▸ ASSIGNMENT: Strip out all images, then restate the data verbatim.

▸ EXERCISE DATA:
--- START ---
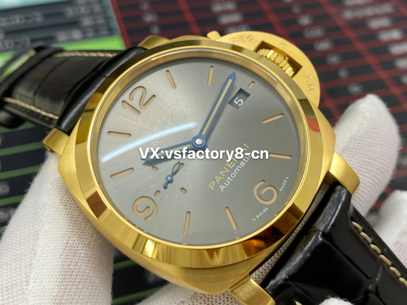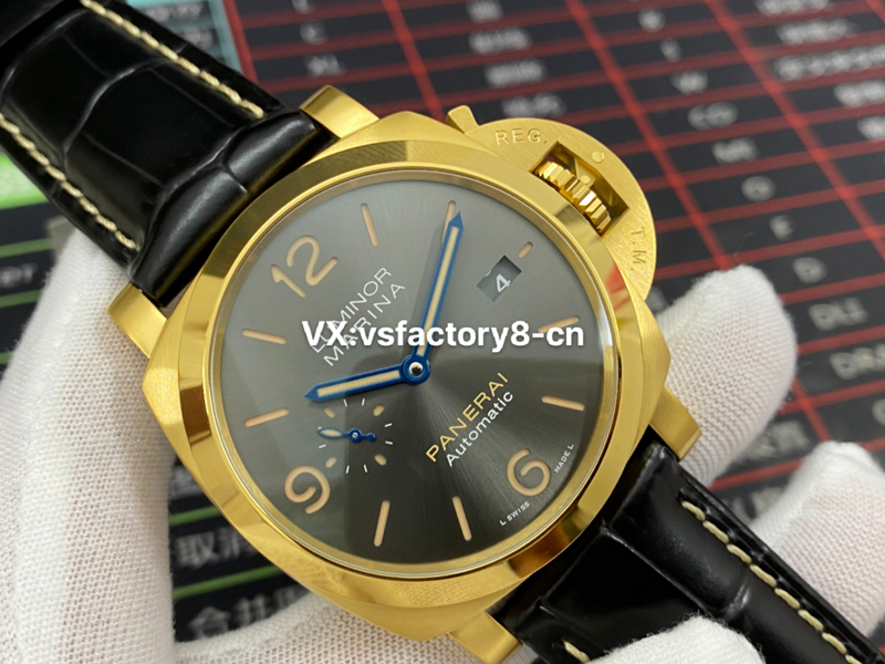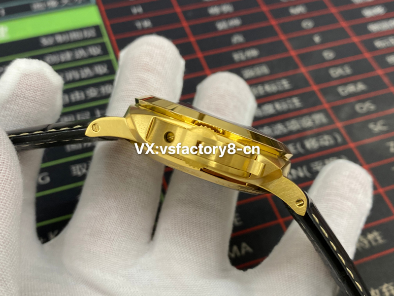 VS廠復刻表外觀其實跟其他沛納?;緵]什么區別,44mm的表徑,外觀也是精鋼進行了真空電鍍,電鍍了18K金。
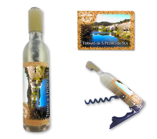 Magnetic in 11,5x2,5cm, bottle format, with capsule openers and corkscrews. Application of printed natural cork, in individual packaging.
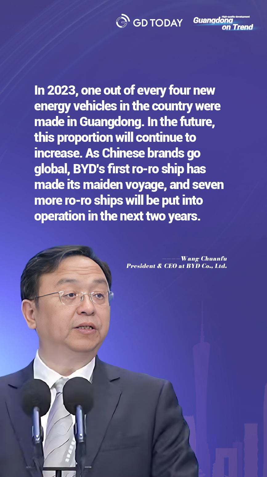 “In 2023, one out of every four new energy vehicles in the country were made in Guangdong. In the future, this proportion will continue to increase. As Chinese brands go global, BYD's first ro-ro ship has made its maiden voyage, and seven more ro-ro ships will be put into operation in the next two years,” said Wang Wang Chuanfu, President & CEO at BYD Co., Ltd.
--- END ---
▸ RESULT:
 VS廠復刻表外觀其實跟其他沛納?;緵]什么區別,44mm的表徑,外觀也是精鋼進行了真空電鍍,電鍍了18K金。
 Magnetic in 11,5x2,5cm, bottle format, with capsule openers and corkscrews. Application of printed natural cork, in individual packaging.
 “In 2023, one out of every four new energy vehicles in the country were made in Guangdong. In the future, this proportion will continue to increase. As Chinese brands go global, BYD's first ro-ro ship has made its maiden voyage, and seven more ro-ro ships will be put into operation in the next two years,” said Wang Wang Chuanfu, President & CEO at BYD Co., Ltd.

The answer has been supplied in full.